China has spreading-the-word down to a fine art (leaflets can only reach a meagre fraction of the total population after all) through the use of mobile phone text messaging. The latest digital call to arms is of course a boycott of French supermarket Carrefour following the Paris Olympic torch relay debacle. A measure of how widely the message has been distributed came courtesy of a friend travelling in deepest, darkest Guizhou. His minibus driver received the text, “Let Carrefour be empty for 17 days etc”, in a middle of a remote Dong, or maybe it was Miao, village, provoking a brief rant about those troublesome French and why no one should buy their products under any circumstances. There isn’t a branch of Carrefour near where he lives but, if I remember correctly, there’s a bakery in the small town of Kaili which sells sickly sweet pastries that resemble deformed croissants. Maybe he can continue not to shop there.

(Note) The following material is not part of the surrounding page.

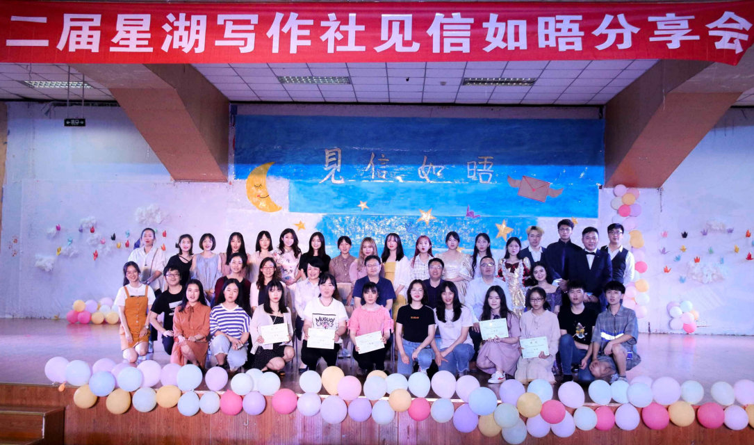 2019年4月24日晚上7点,星湖写作社见信如晤分享会暨第二届见信如晤大赛在红河A区活动中心三楼举行。参加此次活动的领导及老师有文化与传媒tyc5997太阳集团党总支书记、星湖写作社顾问白成良;文化与传媒公司经理、星湖写作社顾问李天福;文化与传媒公司副经理、星湖写作社指导老师李芹燕;校团委陈柏骏老师;文化与传媒公司团总支书记刘友洪以及文化与传媒公司2015级辅导员张雪、2017级辅导员张梓涵。

The proposed boycott of Carrefour seems to have many supporters. Their voices are heard on online forums through excited phrases like: “People who work for French companies must resign, change their jobs and let love of the country be their reason!” But naturally there are those with perfectly reasonable justifications, who see a boycott of Carrefour for a single day as a good, peaceful way to show their feelings, without bringing any long-term detriment to the company.

Boycotting French products in China is not particularly difficult. Avoiding “Made in China” products in somewhere like Britain, however, is a lot harder, as this amusing article from the BBC demonstrates. A note of thanks to Danwei commenter Ming the Merciless for the link. This kind of article really needs a bit more explicit mockery of its subjects than it dishes out but I suppose that wouldn’t be very BBC. Those who wish to boycott Chinese products are welcome to their own opinions of course but the situations they find themselves in during the course of their mission reach slapstick proportions.

Here’s one British crusader, who seems to be auditioning for a Little Britain sketch.

Tricia Hall spends a lot of time in charity shops. A trip to the High Street means a slew of questions and baffled stares from shop assistants. “Where was it made?” “Dunno, doesn’t it say?”

“When they are labelled it is easy enough,” says Mrs Hall. “We are very careful. But they have a very large grip on the market.

“We do avoid the High Street. You can’t trust them any more. I certainly don’t go to the cheap shops.”

And here’s another tormented soul who obviously hasn’t heard of the Royal Canine beauty parlour near Beijing’s Workers’ Stadium:

John Yelland is struggling to print things out. He decided to start a boycott after seeing a video of dogs being mistreated in China. Now he can’t find a new printer because they all seem to be made in China, or from Chinese components.

“I would rather pay a few quid more for the same product. You have got to be extremely careful. A lot of products don’t specify where they were made. They might say made in Bedfordshire when the product is shipped in from China.”

The task takes on a new dimension when it comes to electrical products:

It’s the “component problem”. Let’s say you buy a television from a big name brand in Korea or Japan. It may be assembled in the home nation, it may even have been assembled in Europe.

But it’s hard to imagine that of the dozens of different components inside it, some haven’t come from China. Whether it’s chips, LEDs or humble wires, there’s a lot of stuff that could potentially not be from the place it was assembled.

“It’s very difficult to go down to every single transistor or circuit board in every device,” says Stuff magazine editor Fraser Macdonald.

(It must be incredibly annoying to be called up by a journalist and asked to state the obvious as Fraser had to do.)

At least, one boycotter had the decency to recognise the hilarity of his predicament instead of sinking into a life of OCD.

Tim Spencer, from Wimborne in Dorset, has only been boycotting for a little over a week, since watching a TV documentary about China. But he can already see problems on the horizon. What happens when he needs to go clothes shopping?

“If you walk down the High Street and every garment’s made in China, what do you do? Do you go naked?”